Thanks for your opinion!


----------



## Guest

Looks like a decent reliable spec.


----------



## GTriderTX

*IRS took my bike money*



kytyree said:


> Looks like a decent reliable spec.


Awesome. That is 2 positive opinions so far. Sadly, Murphy's law is in effect. Today I received in the mail a letter from the IRS saying they want $2000 right now or else they are going to come after me. I just gave all my bike money to the IRS today  We will see how fast I can save up again for a road bike. :cryin:


----------



## es3awilson

I own one and it is a great bike. Once you get you ike money saved up again buy one and I sure you won't be disappointed with your choice. GT makes great bikes and are a great value for your dollar. Good luck!


----------



## GTriderTX

es3awilson said:


> I own one and it is a great bike. Once you get you ike money saved up again buy one and I sure you won't be disappointed with your choice. GT makes great bikes and are a great value for your dollar. Good luck!


You own this exact model? Your opinion would be worth a lot to me!


----------



## es3awilson

Sorry it has taken me so long to get back to you. The GT GTR Expert is a great value especially at the price you were quoted. I have had mine for about six months and have enjoyed the heck out of it. Prior to buying the Expert test rode the C'dale Synapse 5 & Giant TCR Advanced (with 105 components) and chose the Expert due to the value that you get in the bike. The Expert is relatively light, very fast and comfortable to ride on long fast rides. The frame is stiff but not too stiff and soaks up rough road imperfections very well. The bike also handles very well; have had it up to 48 mph (downhill) and it is rock solid at speed. I haven't had any problems with the 105 components, the front and rear dérailleurs shift smooth and reliably. I have done a century on it with no problems, this past weekend did a 53 mile group ride through hilly countryside and the Expert as usual was a joy to ride. I constantly get positive remarks about the bikes appearance. In summary, if you buy the Expert you will get a great deal on a bike which is great to ride, it's light, fast, comfortable and makes you want to go riding. If you have any more questions let me know. Hope this helps.


----------



## GTriderTX

I went ahead and scraped up some cash and bought the bike for $1388.00 USD shipped out the door. ($1275 + shipping)
It will be here in 5 to 10 days hopefully. Thanks for all your opinions on the bike. Sounds like I won't be disappointed.


----------



## es3awilson

Congrats on your purchase! This past weekend I rode in a 60 mile group ride and had a great time riding mine. We did 22-24 MPH on the flats and a little slower (I'm an old Clydesdale) in the hills. The GT GTR Expert performed great. I hope you have much fun with yours. You won't be disappointed.


----------



## mishap

I love my GT GTR Pro Rival which is the same basic bike + SRAM Rival/Ritchey Fork and a different wheelset. Under 18lb w/ pedals and not a single mechanical issue in 1+ years riding it and it's only needed a tire rotation and a couple tubes so far. I didn't like the saddle that much and swapped it w/ my Scott's Selle Italia SLR but other than that, it's been perfect. The frame is plenty stiff and there aren't any GT house brand parts to be found which is amazing given the price point. Everything down to the tires, stem, and post are all solid spec. 

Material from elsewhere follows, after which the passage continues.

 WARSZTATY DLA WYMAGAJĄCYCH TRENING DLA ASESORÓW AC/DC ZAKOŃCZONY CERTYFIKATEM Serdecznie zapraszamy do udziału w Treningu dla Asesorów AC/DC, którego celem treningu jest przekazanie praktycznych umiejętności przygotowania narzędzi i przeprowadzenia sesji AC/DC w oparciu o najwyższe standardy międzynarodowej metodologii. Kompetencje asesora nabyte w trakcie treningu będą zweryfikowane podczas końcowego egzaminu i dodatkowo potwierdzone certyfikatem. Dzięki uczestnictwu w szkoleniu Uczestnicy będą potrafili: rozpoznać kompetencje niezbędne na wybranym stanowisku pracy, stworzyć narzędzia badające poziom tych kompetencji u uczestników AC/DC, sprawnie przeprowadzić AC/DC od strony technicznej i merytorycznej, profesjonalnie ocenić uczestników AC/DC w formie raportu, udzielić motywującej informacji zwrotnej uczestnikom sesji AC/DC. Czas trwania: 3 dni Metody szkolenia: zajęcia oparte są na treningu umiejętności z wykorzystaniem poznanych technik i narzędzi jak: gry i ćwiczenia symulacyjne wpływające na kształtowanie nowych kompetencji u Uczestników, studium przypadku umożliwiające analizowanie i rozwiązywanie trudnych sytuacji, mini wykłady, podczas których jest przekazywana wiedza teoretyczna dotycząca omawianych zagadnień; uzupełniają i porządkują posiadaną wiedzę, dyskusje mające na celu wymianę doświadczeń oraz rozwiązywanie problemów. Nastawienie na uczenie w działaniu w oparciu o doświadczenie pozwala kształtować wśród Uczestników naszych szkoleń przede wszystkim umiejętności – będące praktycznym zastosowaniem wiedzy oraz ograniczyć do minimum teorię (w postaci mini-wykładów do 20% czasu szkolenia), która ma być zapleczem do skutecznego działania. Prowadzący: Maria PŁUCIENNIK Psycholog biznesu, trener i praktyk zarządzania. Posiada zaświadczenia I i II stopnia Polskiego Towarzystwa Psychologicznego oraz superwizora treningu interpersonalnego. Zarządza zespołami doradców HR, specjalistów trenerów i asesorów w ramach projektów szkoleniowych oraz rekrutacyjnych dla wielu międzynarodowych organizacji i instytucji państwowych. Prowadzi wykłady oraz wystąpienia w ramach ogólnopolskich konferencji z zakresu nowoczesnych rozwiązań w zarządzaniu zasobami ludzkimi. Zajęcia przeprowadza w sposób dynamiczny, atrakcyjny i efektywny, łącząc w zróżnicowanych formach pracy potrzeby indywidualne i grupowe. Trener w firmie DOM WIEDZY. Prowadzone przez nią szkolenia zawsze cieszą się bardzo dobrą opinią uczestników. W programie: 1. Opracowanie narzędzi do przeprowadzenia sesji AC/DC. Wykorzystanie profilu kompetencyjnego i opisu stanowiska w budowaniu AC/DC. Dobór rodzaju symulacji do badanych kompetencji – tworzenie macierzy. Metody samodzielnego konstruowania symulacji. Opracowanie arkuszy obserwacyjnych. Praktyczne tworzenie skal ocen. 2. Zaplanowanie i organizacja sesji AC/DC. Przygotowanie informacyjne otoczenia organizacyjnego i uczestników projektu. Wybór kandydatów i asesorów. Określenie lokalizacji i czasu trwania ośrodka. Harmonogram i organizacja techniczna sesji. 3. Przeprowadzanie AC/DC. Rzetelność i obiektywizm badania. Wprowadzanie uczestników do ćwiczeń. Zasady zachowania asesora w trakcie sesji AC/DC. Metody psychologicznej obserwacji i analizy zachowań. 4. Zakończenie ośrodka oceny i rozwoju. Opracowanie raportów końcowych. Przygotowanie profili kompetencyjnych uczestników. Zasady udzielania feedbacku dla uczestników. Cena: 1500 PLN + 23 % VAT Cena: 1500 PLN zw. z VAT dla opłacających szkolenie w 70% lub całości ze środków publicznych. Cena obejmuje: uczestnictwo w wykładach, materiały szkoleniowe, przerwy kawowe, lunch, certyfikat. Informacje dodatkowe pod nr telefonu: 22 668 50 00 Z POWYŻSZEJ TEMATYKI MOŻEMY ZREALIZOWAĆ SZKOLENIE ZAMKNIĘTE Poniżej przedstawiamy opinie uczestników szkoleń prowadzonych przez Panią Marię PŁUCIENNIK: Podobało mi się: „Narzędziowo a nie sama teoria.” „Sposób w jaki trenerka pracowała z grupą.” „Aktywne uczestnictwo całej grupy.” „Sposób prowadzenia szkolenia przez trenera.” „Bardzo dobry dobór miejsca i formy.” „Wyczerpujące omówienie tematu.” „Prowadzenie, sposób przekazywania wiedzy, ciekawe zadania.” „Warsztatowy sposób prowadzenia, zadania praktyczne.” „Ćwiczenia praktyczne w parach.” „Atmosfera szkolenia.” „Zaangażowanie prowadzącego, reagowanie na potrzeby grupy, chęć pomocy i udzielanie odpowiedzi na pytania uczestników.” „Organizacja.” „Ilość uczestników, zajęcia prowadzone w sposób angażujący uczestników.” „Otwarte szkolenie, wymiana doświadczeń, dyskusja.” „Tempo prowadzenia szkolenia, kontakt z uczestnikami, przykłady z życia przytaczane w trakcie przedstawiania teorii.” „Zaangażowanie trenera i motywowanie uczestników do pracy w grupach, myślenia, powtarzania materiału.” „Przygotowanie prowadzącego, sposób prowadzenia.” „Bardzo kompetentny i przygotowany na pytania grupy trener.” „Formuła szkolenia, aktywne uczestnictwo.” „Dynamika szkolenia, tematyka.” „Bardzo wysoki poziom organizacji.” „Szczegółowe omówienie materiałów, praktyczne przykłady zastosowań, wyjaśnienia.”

I had a '96 GT Zaskar LE for 11 yrs before getting a high tech replacement...a Scott Spark 20 that weighed 3lb less despite being a 4.5" travel full suspension bike.









GTR fresh out of the box:


----------



## GTriderTX

*I got the Bike!*

Thanks everyone for sharing your opinions on the GT 2008 Expert road bike. It arrived in the mail and I got a chance to do a short ride this past weekend! I like it a lot. I think it was a good decision at the price I paid to get this bike. :thumbsup:


----------



## es3awilson

Congratulations! It's a great bike; I hope you enjoy it as much as I enjoy mine. GT makes a quality bike for an affordable price. Keep us updated how you like it after you have ridden it for a while.

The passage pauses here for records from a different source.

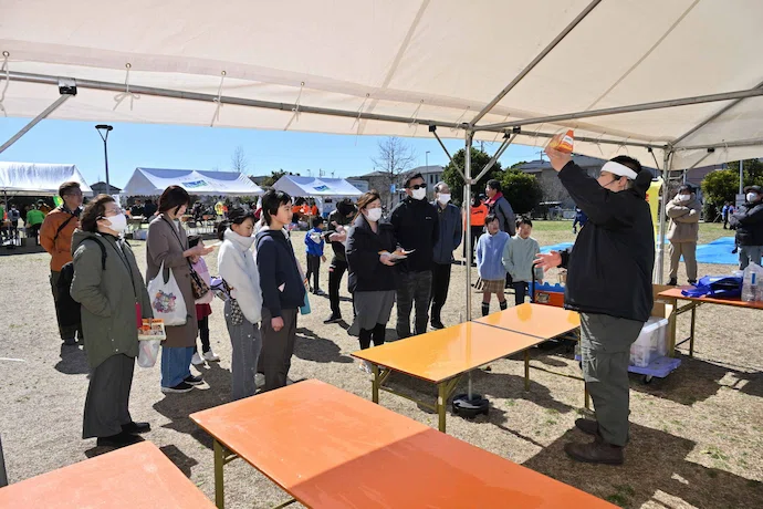 2015年3月、「ザ・パークハウス 津田沼奏の杜」(総戸数721戸)にて第1回防災訓練を開始しました。 契機となったのは「三菱地所グループの防災倶楽部」メンバーが東日本大震災の被災地を訪ね、近所同士の助け合いや人との繋がりの重要性を学んだことです。その学びを共有したことで始まったこの活動は、今ではエリア内の各分譲マンションへと広がり、エリアマネジメント組織「一般社団法人 奏の杜パートナーズ」との連携により、周辺の戸建や分譲マンションも対象となりました。津田沼奏の杜エリア全体、三菱地所レジデンス等による分譲マンション「津田沼 ザ・タワー(総戸数759戸)」なども対象として訓練を実施しています。
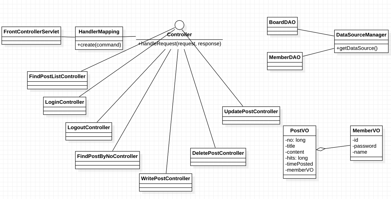 저번에 알아본 FrontController와 DAO, VO를 이용하여 Class, Interface, 그리고 그들의 관계를 표현했습니다.
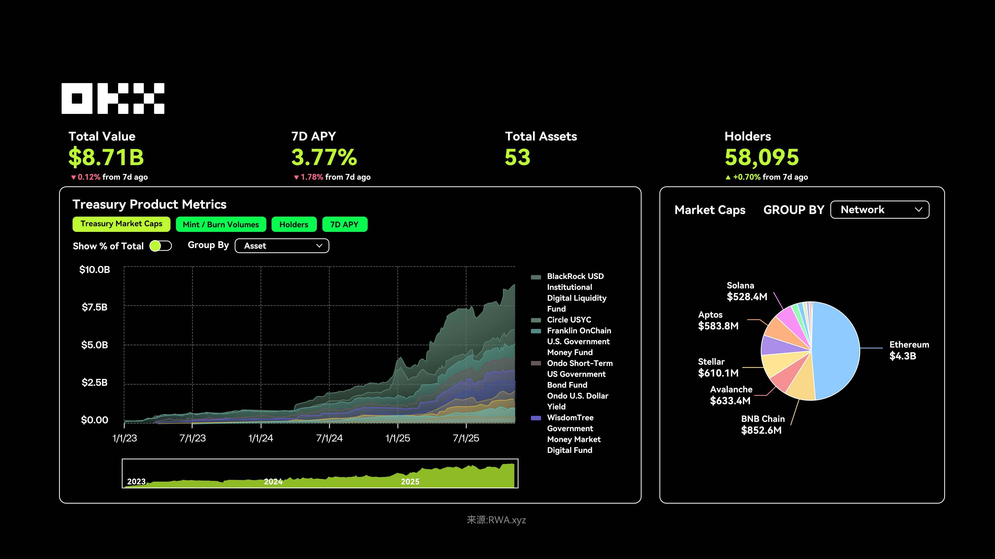 As of November 7, 2025, the total value locked in the tokenized US Treasury market was approximately US$8.7 billion, with over 58,000 holders. The 7-day average annualized yield (APY) was 3.77%, slightly lower than the previous period, reflecting changes in the interest rate environment. In terms of on-chain distribution, Ethereum accounted for over US$4.3 billion, and a multi-chain trend was evident, with VanEck's VBILL fund expanding into multiple ecosystems.

Nice jersey; where did you get it?


----------



## GTriderTX

es3awilson said:


> Nice jersey; where did you get it?


I found the GT jersey and GT shorts on ebay...they are hard to find though. GT's road bike team is now Jelly Belly so all the "GT" clothing is jelly belly clothing.

I will keep you updated as I train for the MS 150 ride here on Oct 4th and 5th. I installed a cateye computer on it today so I can start tracking my mileage on the bike.

:thumbsup:


----------



## GTriderTX

I did the MS 150 last weekend on my new 2008 GT Expert road bike. I would like to say I was very pleased with the bike. The whole ride was during bad weather (mid to heavy rain) and the bike still handled beautifully. The only thing I am considering changing is the seat. I didn't find it very comfortable at all. Two days before the MS 150 I crashed the bike when I hit a puddle of water that had some mud in it. The bike survived and I got a good case of road rash. The bike is more important anyways right?


----------



## crankinmarty

es3awilson said:


> Nice jersey; where did you get it?


The sales mgr at Performance in Santa Monica, CA told me they will soon be selling GT road clothing. He specifically mentioned 2 jerseys: one predominately white and the other the very popular black, red, white combo. No word on full kits but I'd be surprised if they don't offer them. Everybody else does.


----------



## St.Zu

crankinmarty said:


> The sales mgr at Performance in Santa Monica, CA told me they will soon be selling GT road clothing. He specifically mentioned 2 jerseys: one predominately white and the other the very popular black, red, white combo. No word on full kits but I'd be surprised if they don't offer them. Everybody else does.


I cannot wait for this


----------